When Ger21 posted his self centering chuck, I knew I had to make one. Of course, I'm a cheap skate and used home made knobs and mounting block. Also, I didn't have any 1/2" material so this is all 3/4" plywood.



















What really worked out great is that I could reuse all of the holders created for my previous chuck- pictured here:



















My mounting block could be a little smaller, in diameter- to allow the holders to get closer to the center, or using small wing nuts will do it, too. But for now, everything seems to working great.

Thanks for looking.

Lew


----------



## vcooney (Jan 4, 2009)

Well done…I need to make one of those. Thanks for the idea.


----------



## GaryC (Dec 31, 2008)

Wish I knew what the heck it was….and what it does….


----------



## interpim (Dec 6, 2008)

when you spin the wooden disk while the wing-nuts are loose, the round holds move in as well at the same time, always keeping center.

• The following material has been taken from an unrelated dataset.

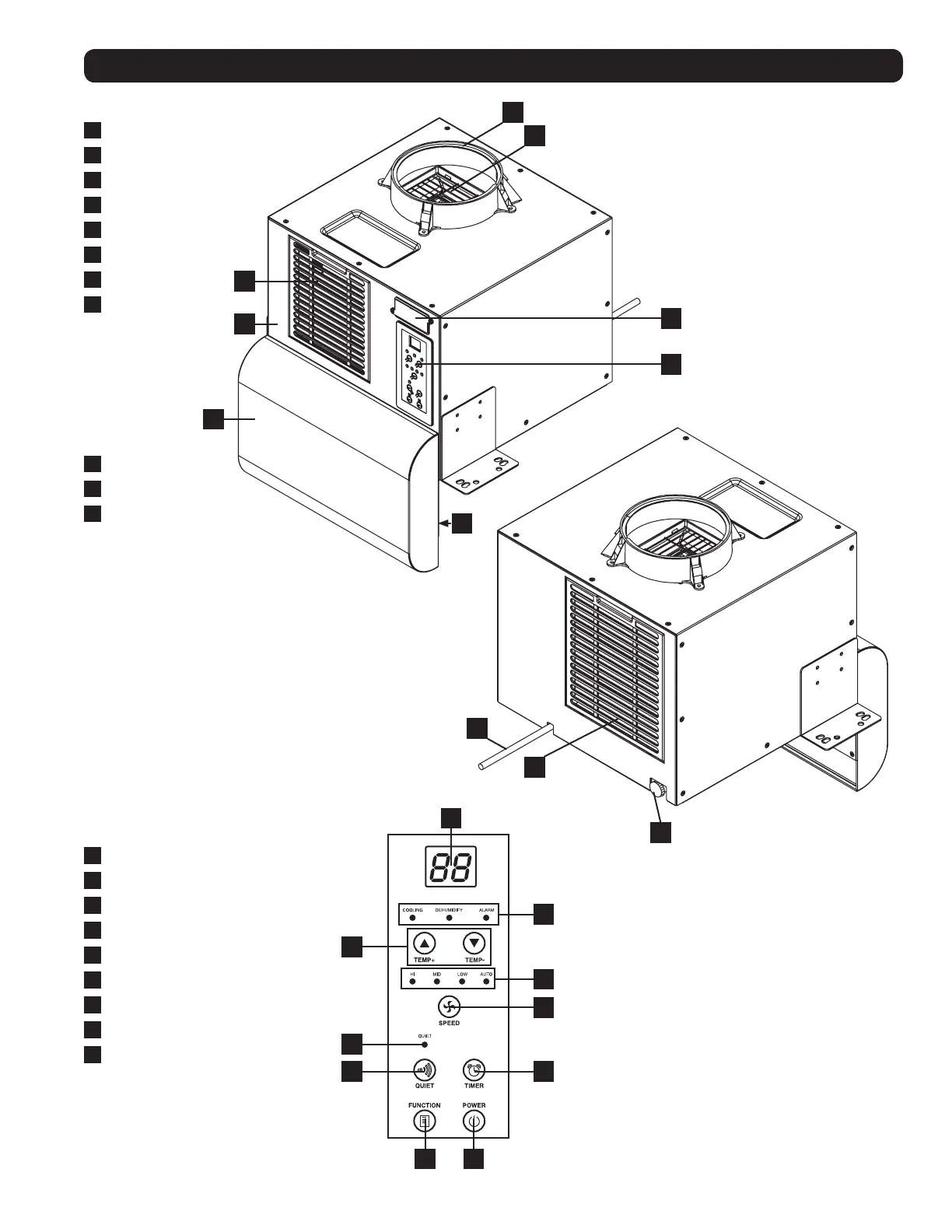Tripp Lite SRCOOL2KWM - Features of the Wall-Mount AC Unit; Front and Rear View Components; Control Panel Overview

This allows you to chuck up things in a variety of different sizes. a lot of folks use this type setup to turn the tenon off of bowls and vases.


----------



## Ger21 (Oct 29, 2009)

The plastic knobs only cost me $8 for 6. I thought about making wood knobs, but only for a second.

Nice job.


----------



## sedcokid (Jul 19, 2008)

Looks like a great project! I will try makeing one, thanks for the idea, Good Job!

'The SedcoKid'


----------



## scrappy (Jan 3, 2009)

Still need to get mine made. Still resting from the christmas rush.haha

Scrappy


----------